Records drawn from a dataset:
▬▬▬▬▬▬

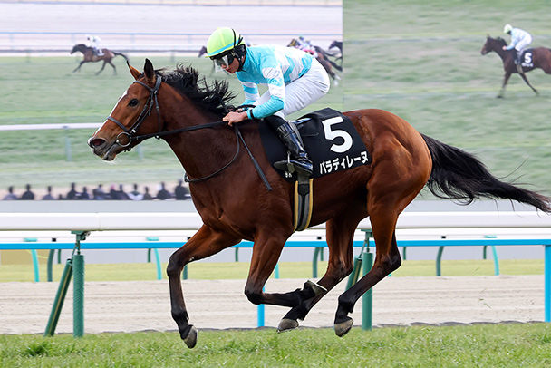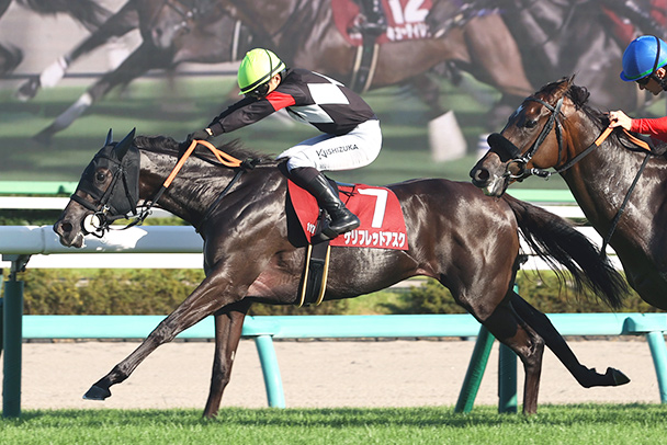 • ブリンカー着用の近2戦は勢い十分の逃げ。新スタイルが開幕序盤の芝コンディションで生きる。
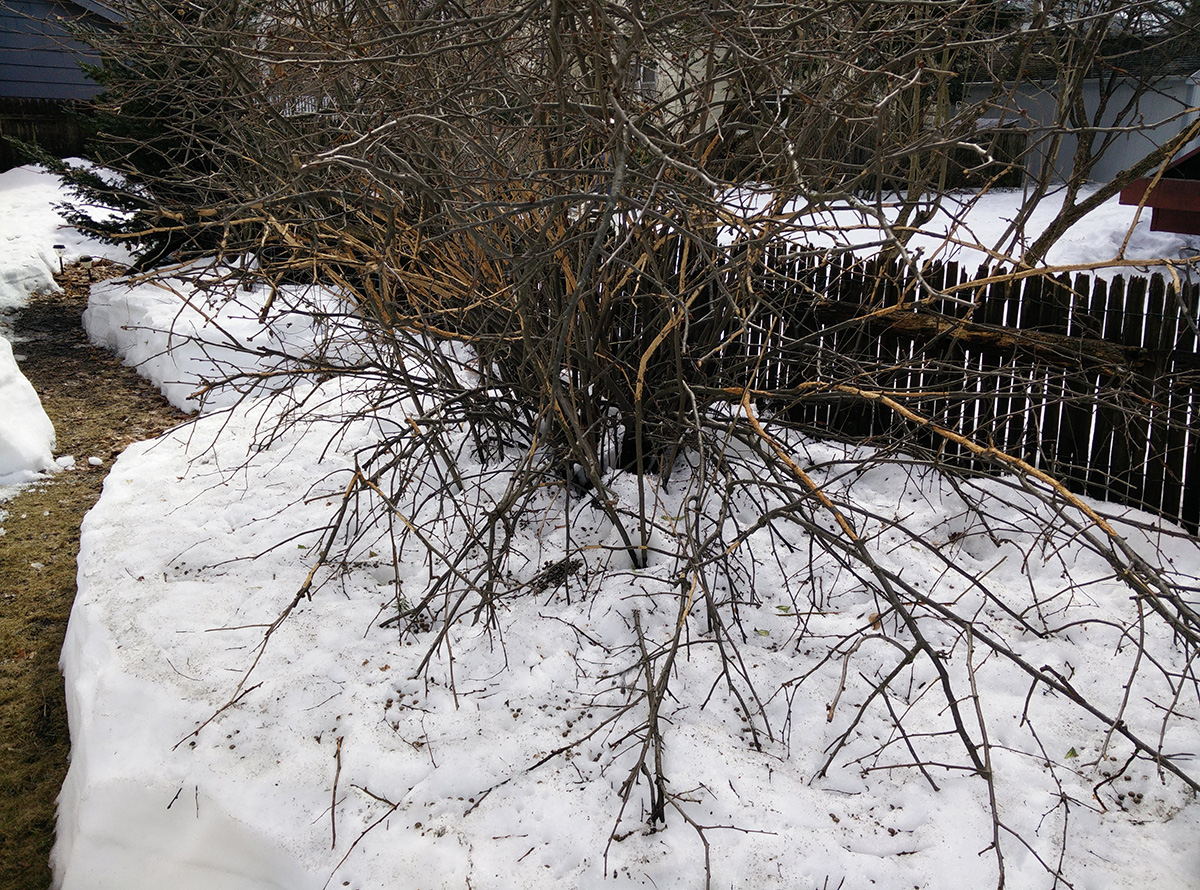 i carved out a new path to the quince bush, which had seen better days, but there doesn't seem to be anymore rabbit damage, despite exposed fresh branches. maybe chewing up the bush was their starvation food; the bush did last through almost the entire winter season without damage, and only in the last few weeks with spring nearly arriving did the gang of hungry rabbits show up. i also removed some snow from the raised beds; i figured the sooner the snow melt off of them, the quicker i can begin planting once the warm weather comes around.
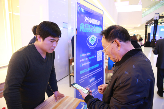 食品安全指數APP啟動現場,消費者在工作人員指導下安裝APP。
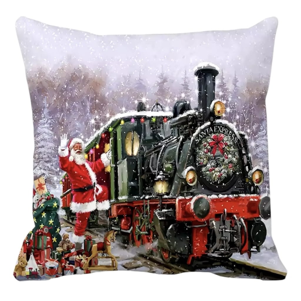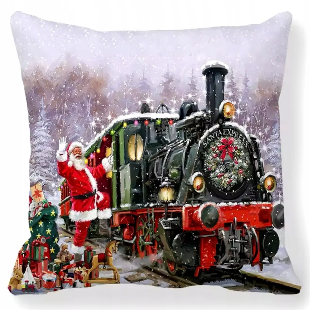 Świąteczna dekoracyjna poszewka na poduszkę Mikołaj pociąg lokomotywa 31
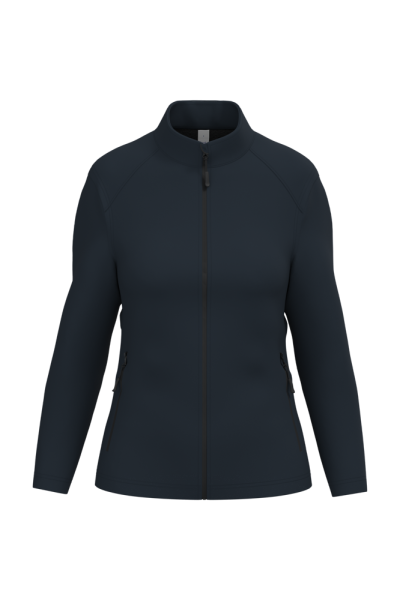 95 % Polyester / 5 % Elasthan. 2-Lagen-Softshell mit wasserabweisender Ausrüstung. Innen: 100 % Polyester in schwarzem Mikrofleece. Gerader Schnitt. Zwei Seitentaschen mit Polytrikot gefüttert, mit Nylon-Reißverschlüssen und schwarzen Reißverschlussanhängern. Schwarzer Nylon-Frontreißverschluss mit Kinnschutz und Zipper. Schulter- und Rückeneinsätze mit Ziernähten. Schwarzes Nackenband. Doppelnähte an Ärmel- und Saumabschlüssen. Abreißbares Markenetikett.
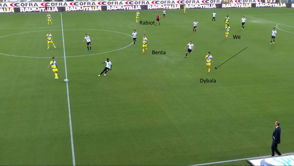 Due esempi qui, con la Juve molto statica. Nella prima slide, i giocatori sono lontani e nessuno dà una soluzione di passaggio a Danilo, che è costretto a lanciare lungo per un Dybala spalle alla porta.
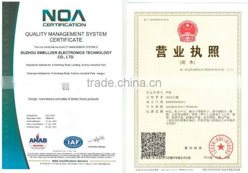 Suzhou Swellder Electronics Technology Co., Ltd.,founded in 2006,adjacent to Shanghai,is a professional supplier of various vacuum thermoforming products.Now we have our own Research&Development,design,and sales team through these 10 years,with experienced mould engineers,designers, marketing staff and export logistic,we could offer the samples and arrange the mass production in a short time.
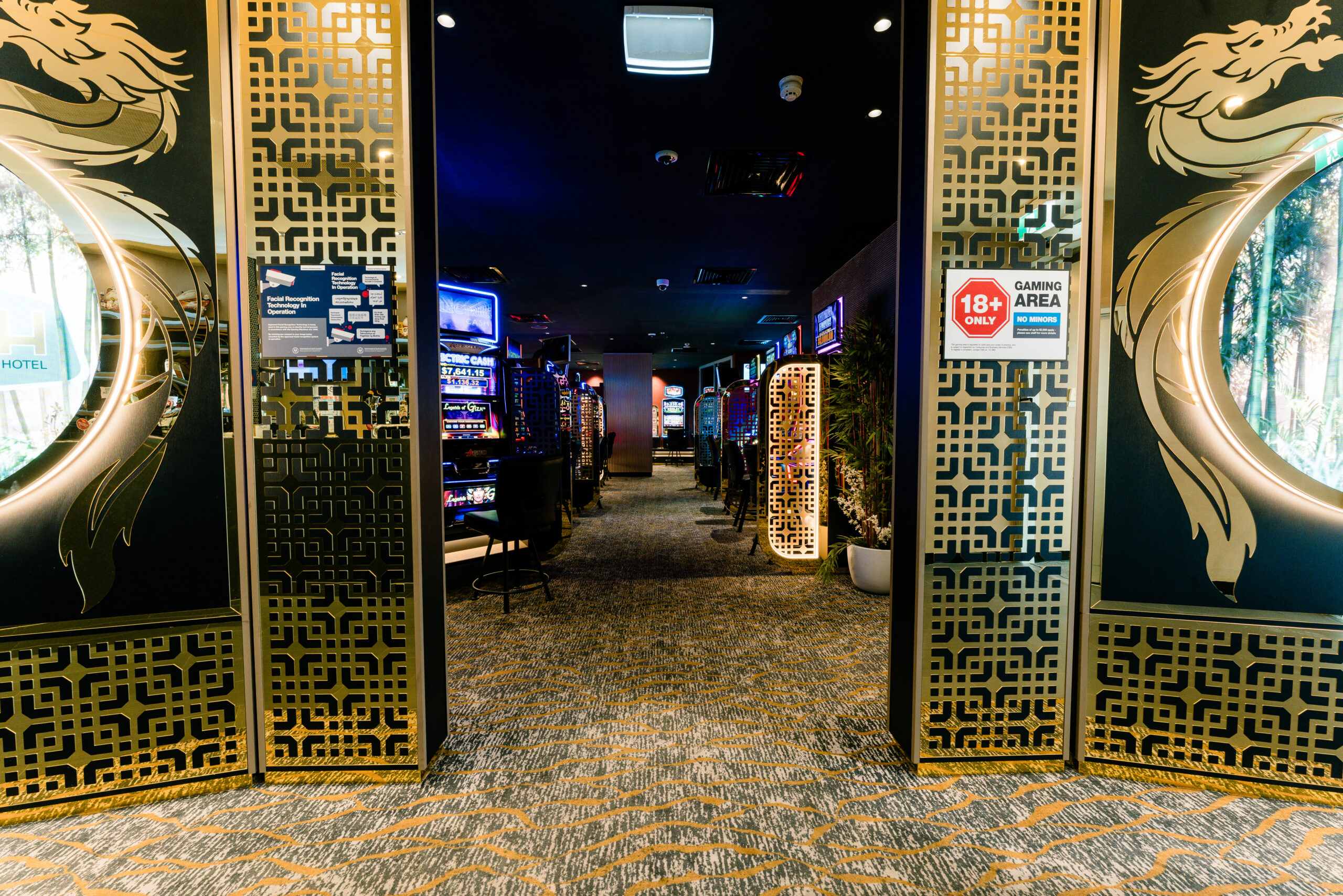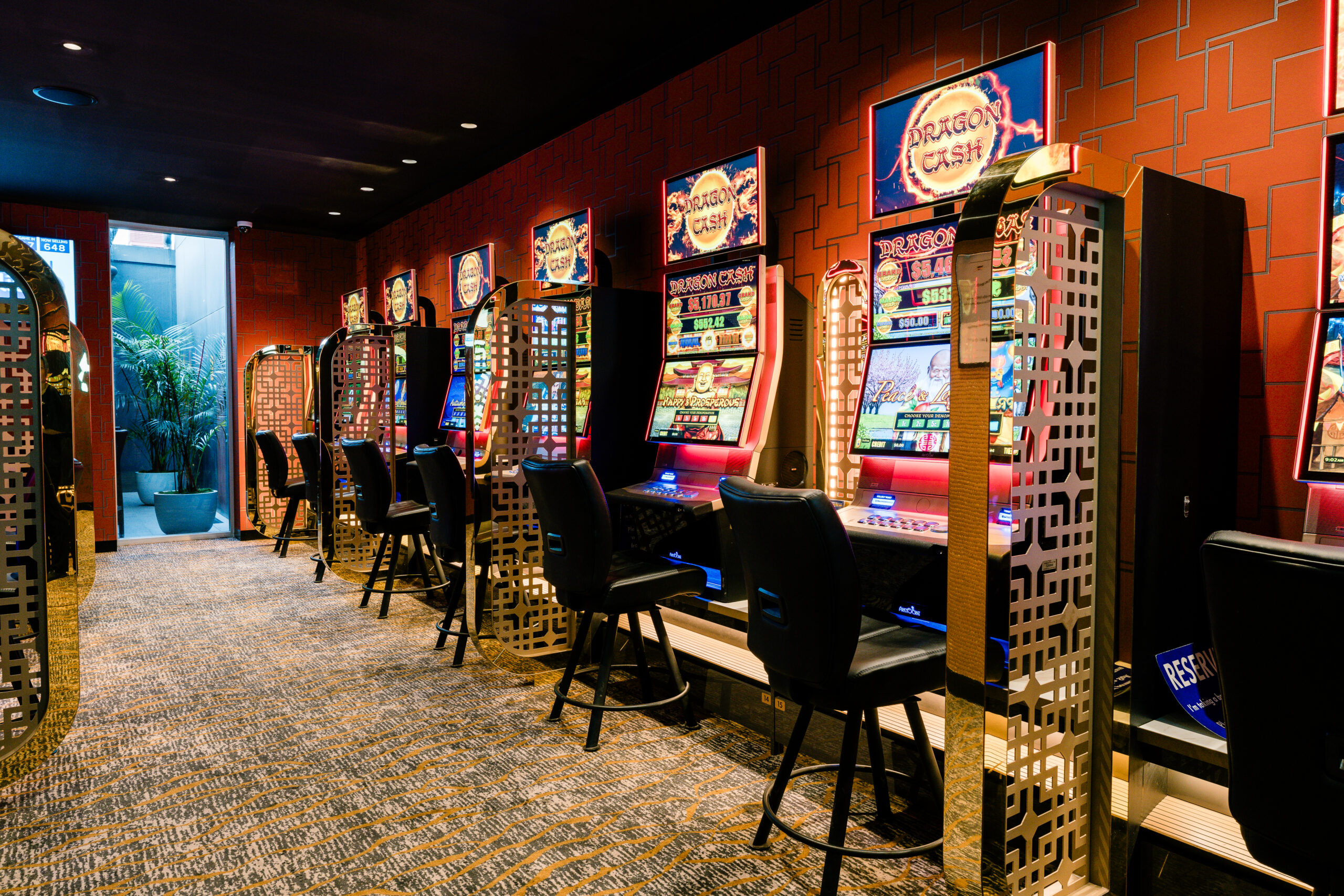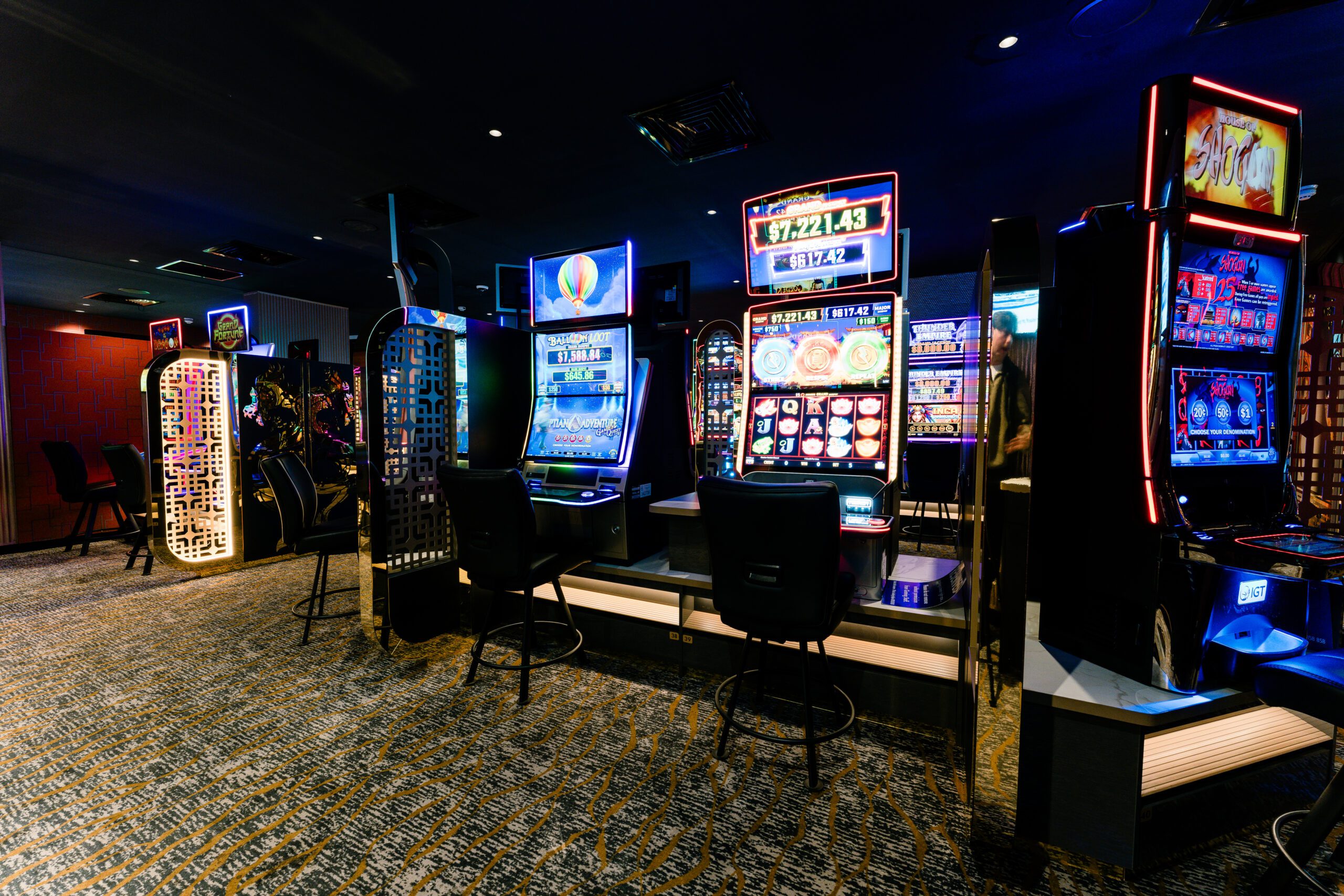 wallpaper, feature lighting, new carpet, fresh floral arrangements, LED entry displays showing machine names, new cupboards, display screens, rryatA smoking area with heating/cooling and comfortable seating is available within the room for added comfort.
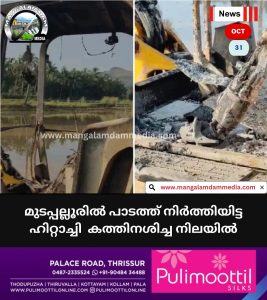 മുടപ്പല്ലൂർ : പാടത്ത് നിർത്തിയിട്ട ഹിറ്റാച്ചി കത്തി നശിച്ച നിലയില്. മുടപ്പല്ലൂർ കറാംപാടത്താണ് സംഭവം. ചിറ്റിലഞ്ചേരി കൊടിയങ്ങാട് പ്രമോദിന്റെ...
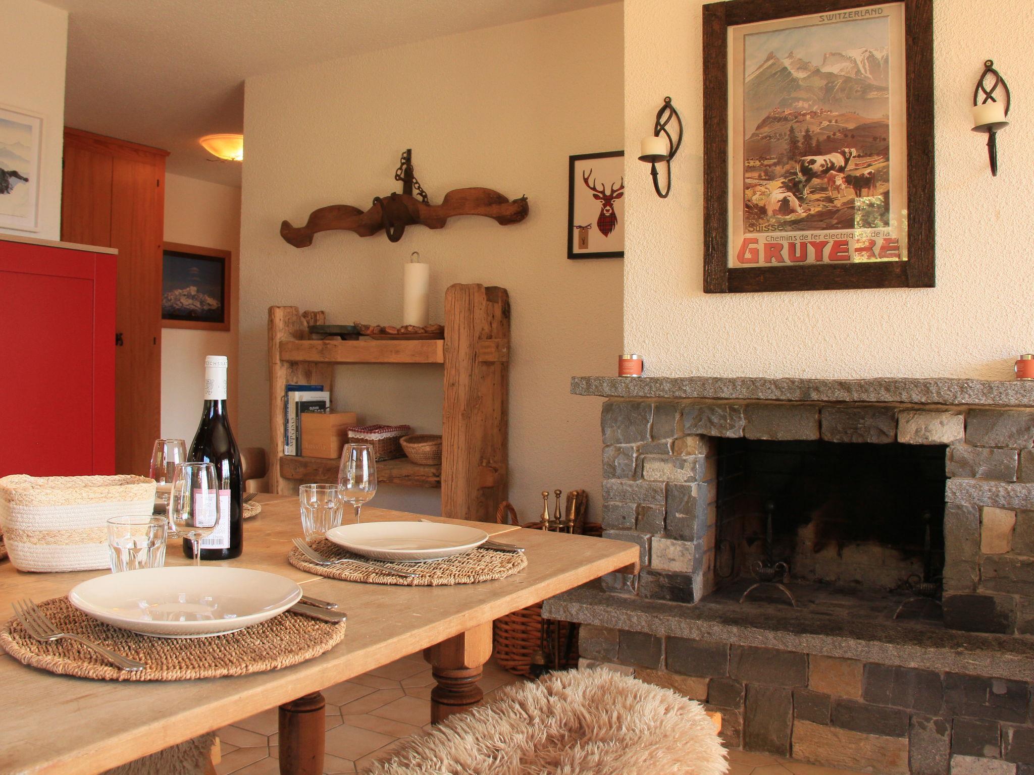 "Armorial II / apt 2", 3-room apartment 71 m2, on the ground floor. Partly renovated in 2017, comfortable and beautiful furnishings: living/dining room with open-hearth fireplace, satellite TV, radio and DVD. Exit to the garden, to the terrace. 1 room with 2 beds and bath/WC. 1 room with 1 french bed and open-hearth fireplace (only for decoration), shower/WC. Exit to the garden, to the terrace. Open kitchen (oven, dishwasher, 4 ceramic glass hob hotplates, freezer, raclette grill, fondue Set (cheese)). Large garden 100 m2, south facing position and west facing position. Terrace furniture. Very beautiful view of the mountains. Facilities: Internet (WiFi, free). Garage space n Apt 2. Please note: non-smokers only.
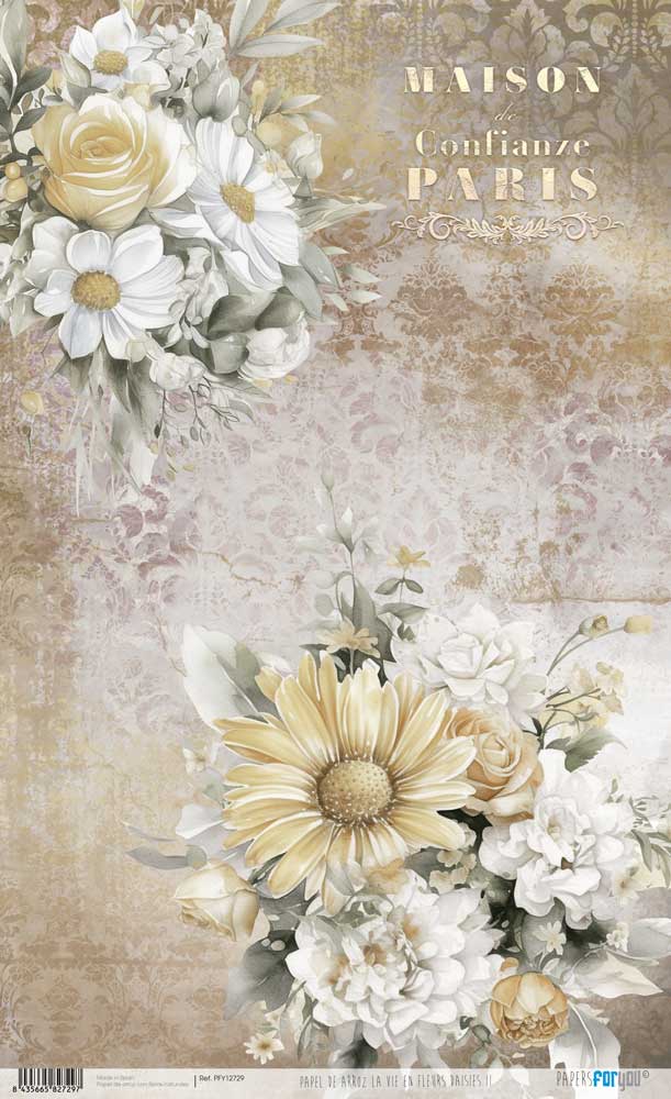 Papel de arroz - peso de 25g a 30g. É feito com fibras naturais. Especial para trabalhos de decoração e decoupage. Se aplicado com diferentes técnicas, pode aderir a vidro, tecido, madeira, papelão, etc. Também é usado em diversos trabalhos de scrapbooking. Projetado e fabricado na Espanha.

▬▬▬▬▬▬

## Work item
Although the records above contain pictures, the copy must not; set down exactly the lines from the one with "Suzhou Swellder Electronics" up to and including the one with "മുടപ്പല്ലൂർ : പാടത്ത്".

## Response below
 Suzhou Swellder Electronics Technology Co., Ltd.,founded in 2006,adjacent to Shanghai,is a professional supplier of various vacuum thermoforming products.Now we have our own Research&Development,design,and sales team through these 10 years,with experienced mould engineers,designers, marketing staff and export logistic,we could offer the samples and arrange the mass production in a short time.
 wallpaper, feature lighting, new carpet, fresh floral arrangements, LED entry displays showing machine names, new cupboards, display screens, rryatA smoking area with heating/cooling and comfortable seating is available within the room for added comfort.
 മുടപ്പല്ലൂർ : പാടത്ത് നിർത്തിയിട്ട ഹിറ്റാച്ചി കത്തി നശിച്ച നിലയില്. മുടപ്പല്ലൂർ കറാംപാടത്താണ് സംഭവം. ചിറ്റിലഞ്ചേരി കൊടിയങ്ങാട് പ്രമോദിന്റെ...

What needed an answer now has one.